В Петербурге, после нескольких лет службы мелким чиновником среди «безобразного общества Выжигиных», Печерин в 1829 году поступил в университет казеннокоштным студентом. Отец был против университетского образования, предпочитая для сына военную службу, и материально его не поддерживал, о чем Печерин вспоминает с горечью (какая разница с Герценом, которого в университет сопровождал крепостной слуга!). Своими способностями он сразу обратил на себя внимание, и попечитель Петербургского университета К. М. Бороздин рекомендовал его в помощь барону Г. А. Розенкампфу для работы над рукописью Кормчей книги. Юрист по образованию, Густав Андреевич Розенкампф (1764–1832) служил в прошлом в Комиссии составления законов, созданной для кодификации русского права. Ко времени встречи с ним Печерина он давно находился в отставке и занимался составлением «Обозрения Кормчей книги в историческом виде» (1829). Кормчая книга (1649–1653) представляет собой код гражданского права, основанный на византийском сборнике канонического права Номоканон (XI–XII вв.), с добавлением законов светской власти, служащих руководством для церковного суда. Печерин должен был помочь разобрать греческий текст Номоканона и частично его переписать. В отрывке «Эпизод из петербургской жизни (1830–1833)», вспоминая о работе над рукописью Номоканона, Печерин восклицает:
   Сколько я над ней промечтал! Я воображал себе бедного византийского монаха в черной рясе, – с каким усердием он выполировал и разграфил этот пергамент! С какою любовью он рисует эти строки и буквы! А между тем вокруг него кипит бестолковая жизнь Византии. Доносчики и шпионы снуют взад и вперед; разыгрываются всевозможные козни и интриги придворных евнухов, генералов и иерархов; народ, за неимением лучшего упражнения, тешится на ристалищах, а он, труженик, сидит и пишет (…) «Вот, – думал я, – вот единственное убежище от деспотизма! Запереться в какой-нибудь келье да и разбирать старые рукописи» (РО: 165).
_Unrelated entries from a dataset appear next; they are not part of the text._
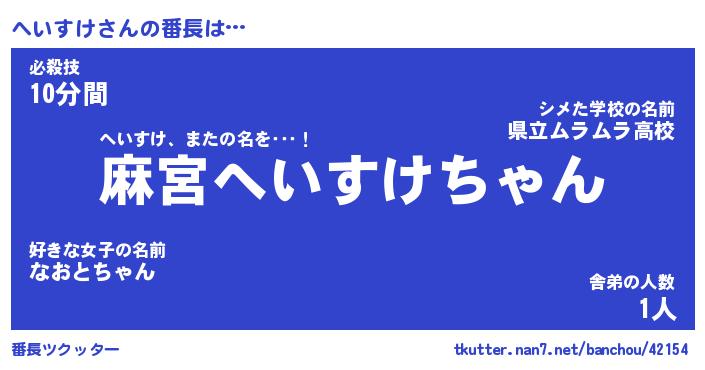 | 意味不明あだ名 | 『ペロリンへいすけ』『永久保存へいすけ』 |
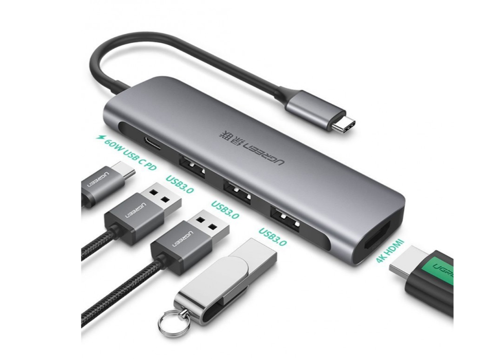 - Sản phẩm chính hãng Ugreen - Bộ chuyển đổi 6 trong 1 tiện dụng - Chuyển đổi tín hiệu USB-C sang HDMI - 3 cổng USB-A 3.0 - Hỗ trợ xuất hình ảnh độ
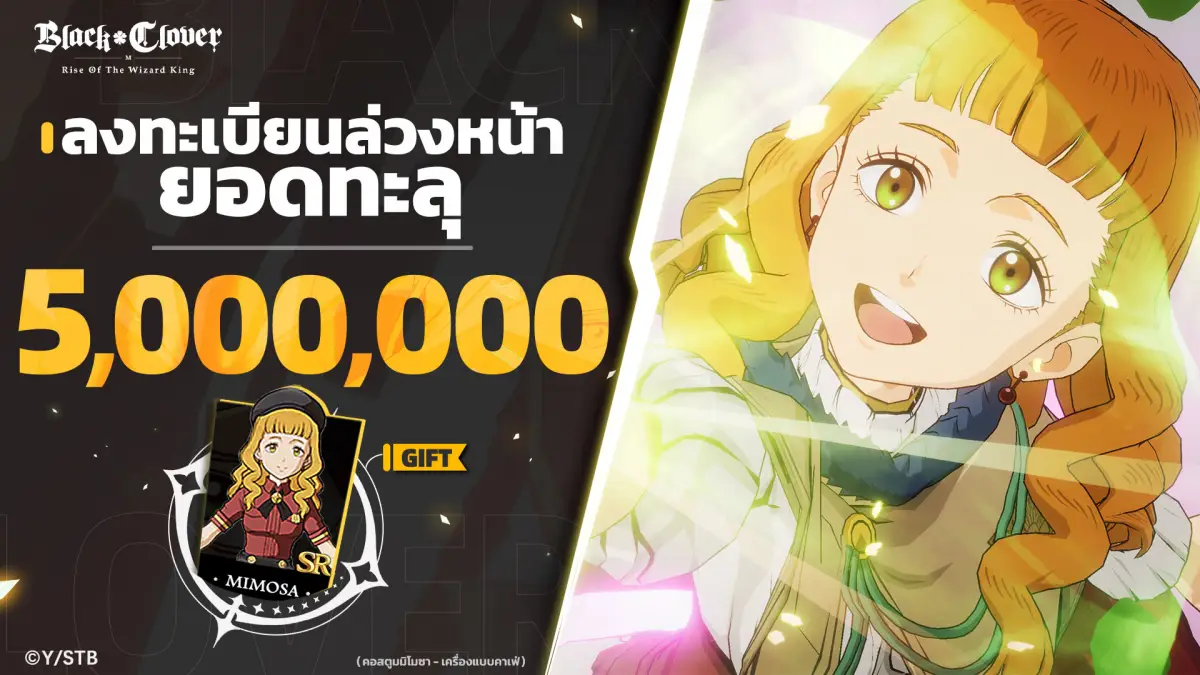 เพื่อเป็นการฉลองการลงทะเบียนล่วงหน้าทั่วโลกครบ 2.5 ล้าน และ 5 ล้านคน การีนาขอมอบตัวละครที่สามารถรับได้เมื่อเปิดตัวเกมให้กับผู้ลงทะเบียนทุกคน — ตัวละครจอมเวทคลาสฮีลเลอร์ มิโมซา ระดับ SR พร้อมด้วยคอสตูมสุดพิเศษอย่าง เครื่องแบบคาเฟ่ โดยชุดสุดแสนน่ารักนี้ไม่เคยปรากฏในซีรีส์ “Black Clover” หรือในอนิเมะที่ไหนมาก่อน ออกแบบมาเพื่อ Black Clover M โดยเฉพาะ!
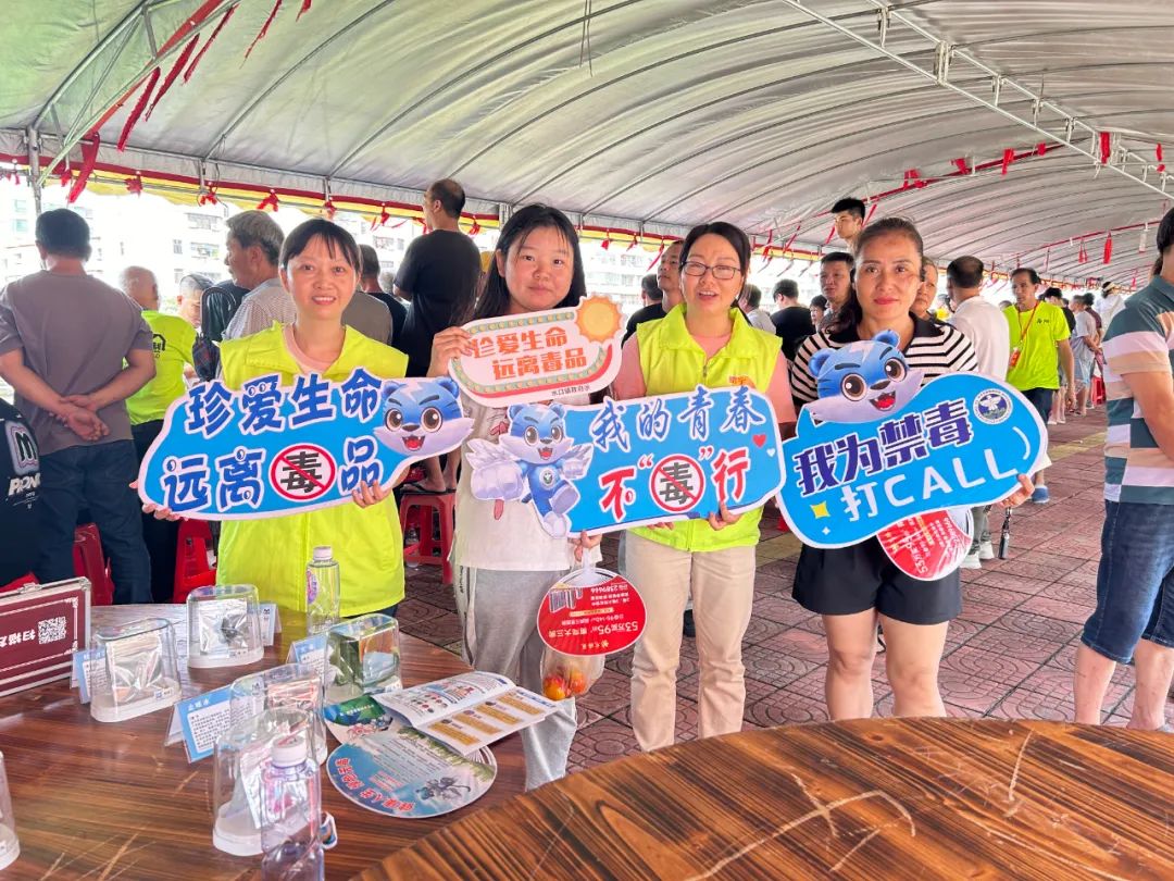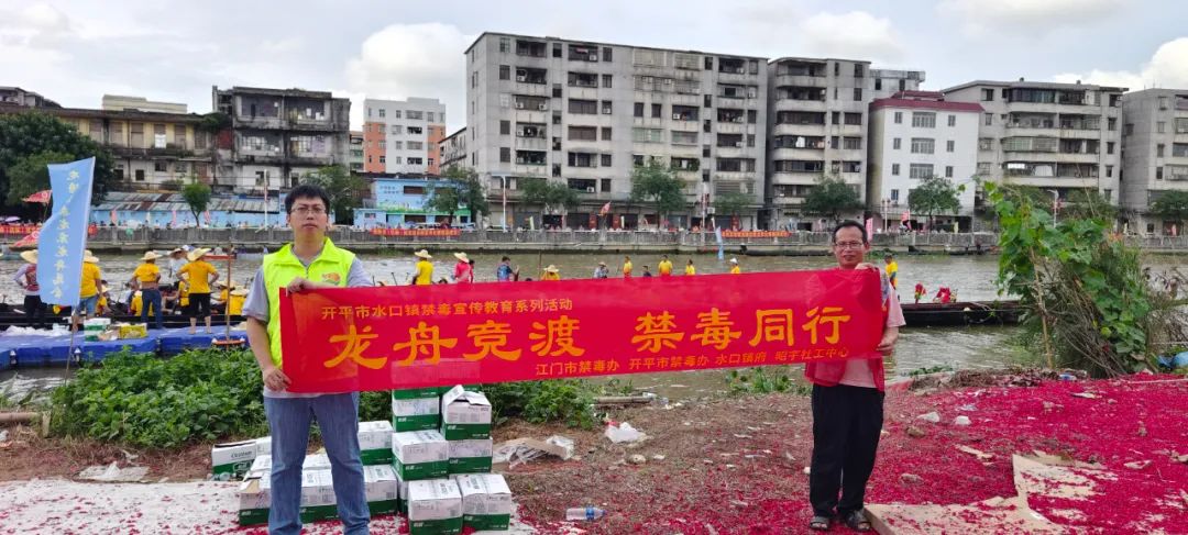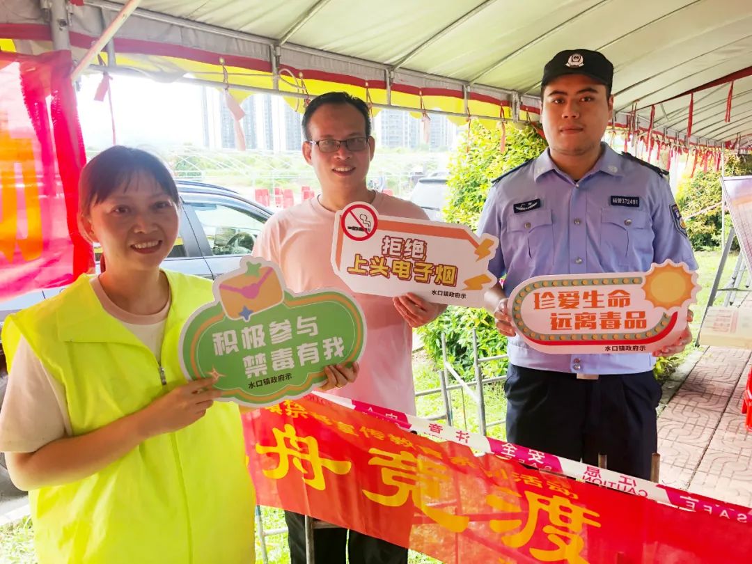 在保障龍舟活動(dòng)順利進(jìn)行的同時(shí),水口鎮(zhèn)網(wǎng)格員充分利用節(jié)日熱鬧氛圍,聯(lián)合鎮(zhèn)禁毒辦、水口派出所、開平市昭宇社會(huì)綜合服務(wù)中心開展“龍舟競(jìng)渡,禁毒同行”禁毒主題宣傳活動(dòng)。
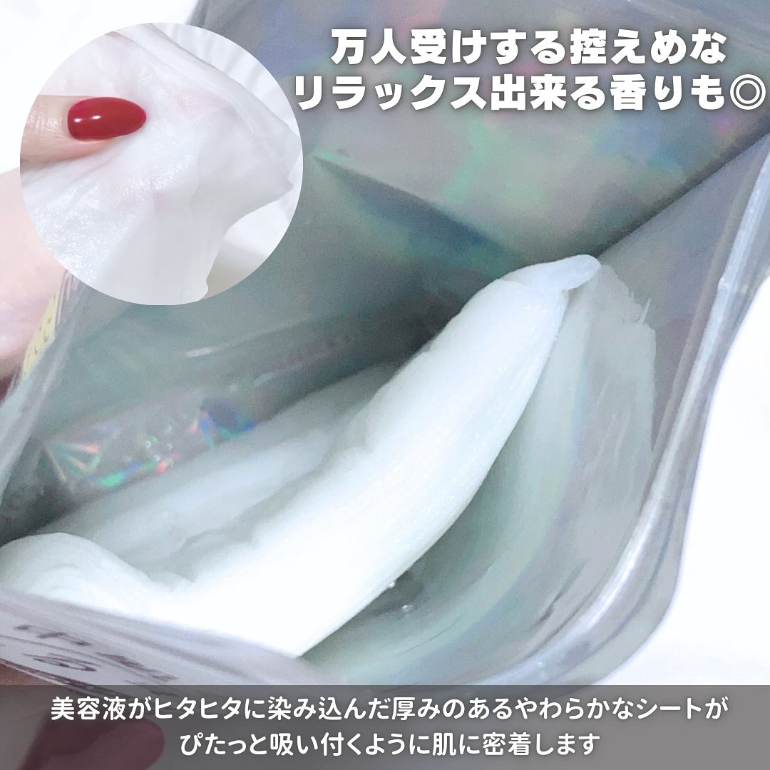 | 柔らかなシートに美容液がたっぷりヒタヒタ! フルーツのような甘い香りがほんのり💗 | 詳細を見る |
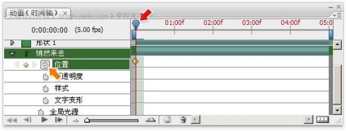 ,这表示启动了“位置”这一动画项目,并且将目前该文字层的位置(画面最右端)记录在起始时刻。时间轴区域中出现的黄色菱形就是该处包含记录的标志,这也称为关键帧,是时间轴的关键帧,与我们以前学习的过渡帧动画不同。
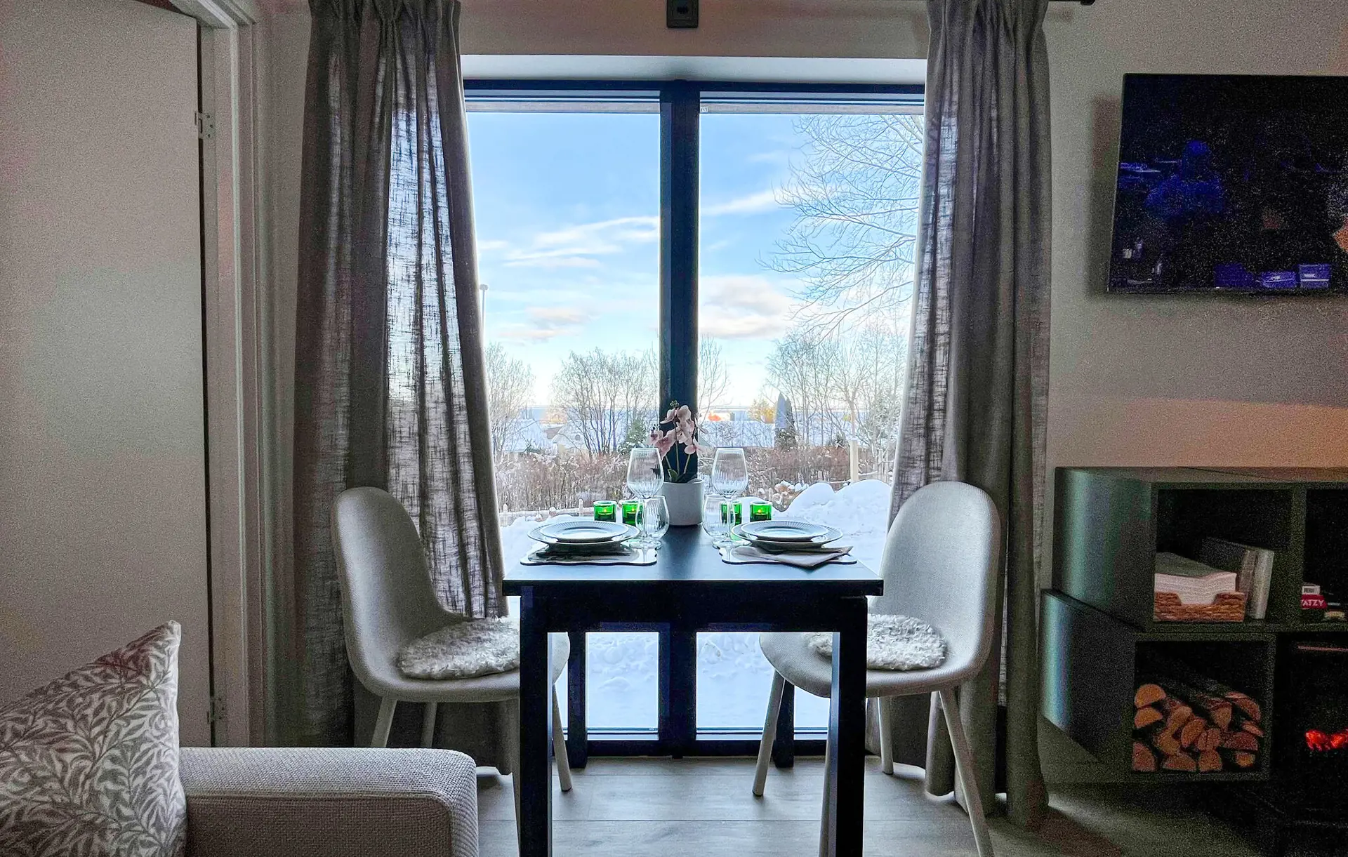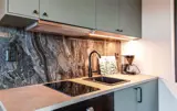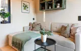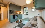Dieses Haus empfängt Sie mit einem einladenden Ambiente. Warme Farben, eine bequeme Sofalandschaft und eine kleine Küche schaffen eine Atmosphäre, in der Sie schnell vom Alltag abschalten können. Genießen Sie einen Blick ins Grüne durch die bodentiefen Fenster, lehnen Sie sich bei einem duftenden Kaffee zurück oder bereiten Sie gemeinsam frische Mahlzeiten zu.
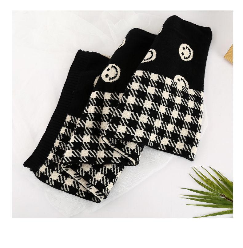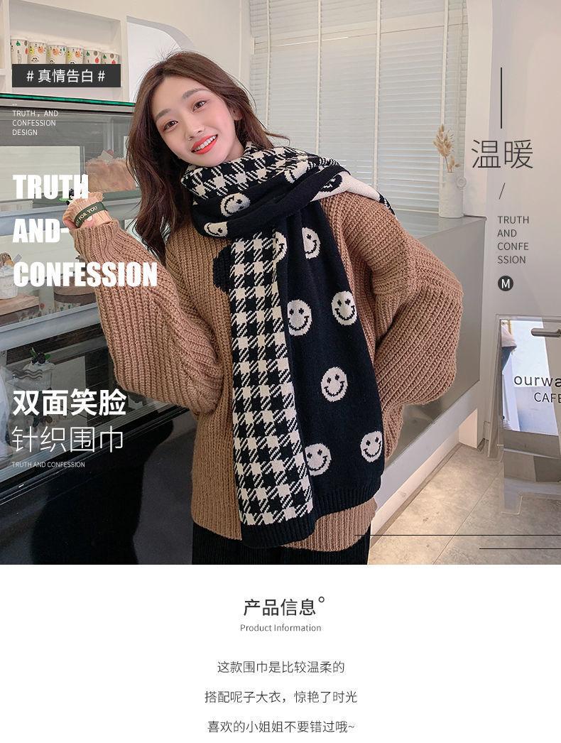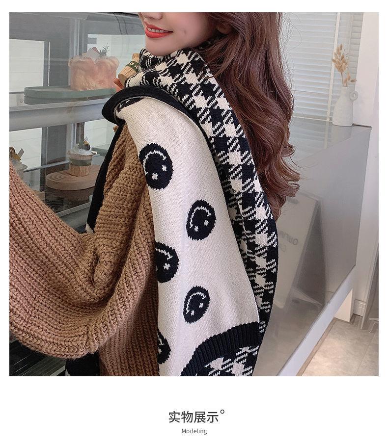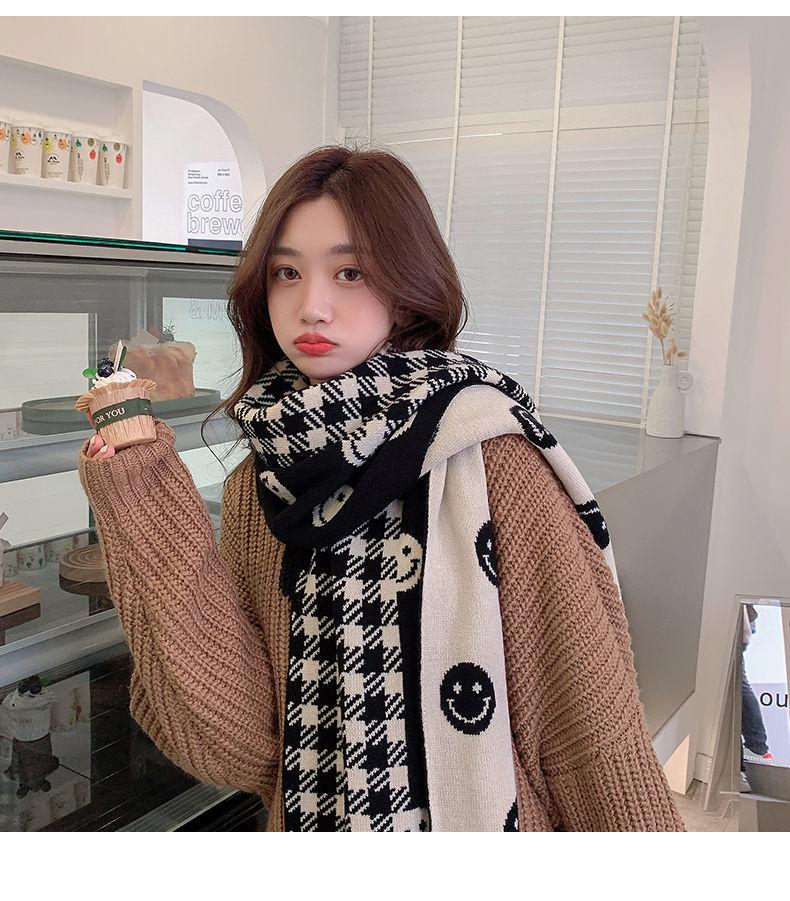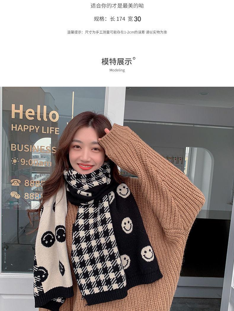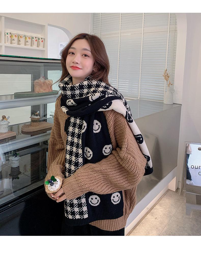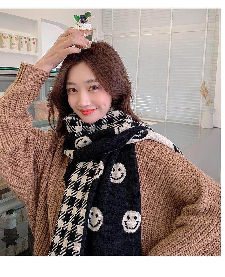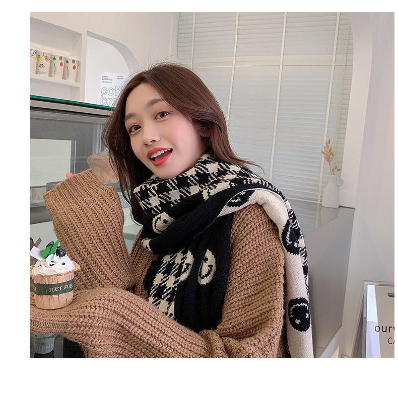 Bufanda Smiley 2024 Nueva Cuadros Invierno para Mujer Estilo Coreano Cachemira Tejida Gruesa Chal de Estudiante

   Слова эти были близки и понятны тем интеллигентам, жившим при советской власти, кто понимал, что «доносчики и шпионы» с неменьшей энергией и большей эффективностью, нежели их византийские предшественники, «снуют взад и вперед». Эти же мысли служили утешением музейным и библиотечным работникам, старавшимся оградить свою жизнь от официальных мероприятий и лозунгов, от концертов народной самодеятельности, транслировавшихся по радио и телевидению. Печерин оказался пророком для тех, кто ищет спасительные ниши в периоды усиленной политической тирании, в эпохи исторического застоя.
   Петербургский период жизни Печерина был для него временем напряженного учения, не только университетского, «занятий механизмом своего предмета» (Гершензон 2000: 401), но и знакомства с прежде неизвестным ему кругом людей, с аристократией, процветавшей при дворе Александра I. Дни, проведенные в доме барона Розенкампфа, Печерин вспоминает с признательностью. Он рисует жизнь и гибель этой семьи. В доме Розенкампфа царил дух оппозиции. Жена барона оказывала материнское покровительство молодому провинциалу, сетовала, что в Петербурге «нет средств, необходимых для развития молодого человека» (РО: 165), и радовалась его поездке в Европу. После смерти барона, оставшись совершенно без средств, слишком гордая, чтобы обращаться за помощью, вдова его буквально «умерла с голоду» (РО: 168). Печерин с вниманием бытописателя передает мелкие детали домашнего убранства, старомодные платья, атмосферу опального дома. Читатель запоминает историю несчастной баронессы, запоминает самого барона, даже его старого, белого как лунь парикмахера, который приходил каждый день и «окостеневшими пальцами причесывал и завивал поседевшие кудри барона» (РО: 165). Но собственно о своих занятиях, настроениях, о работе мысли, о том, почему он рвался за границу в годы жизни в Петербурге, Печерин почти не пишет. Он рисует картинки, рассказывает истории, всячески стремясь сделать свое повествование максимально живым и зримым.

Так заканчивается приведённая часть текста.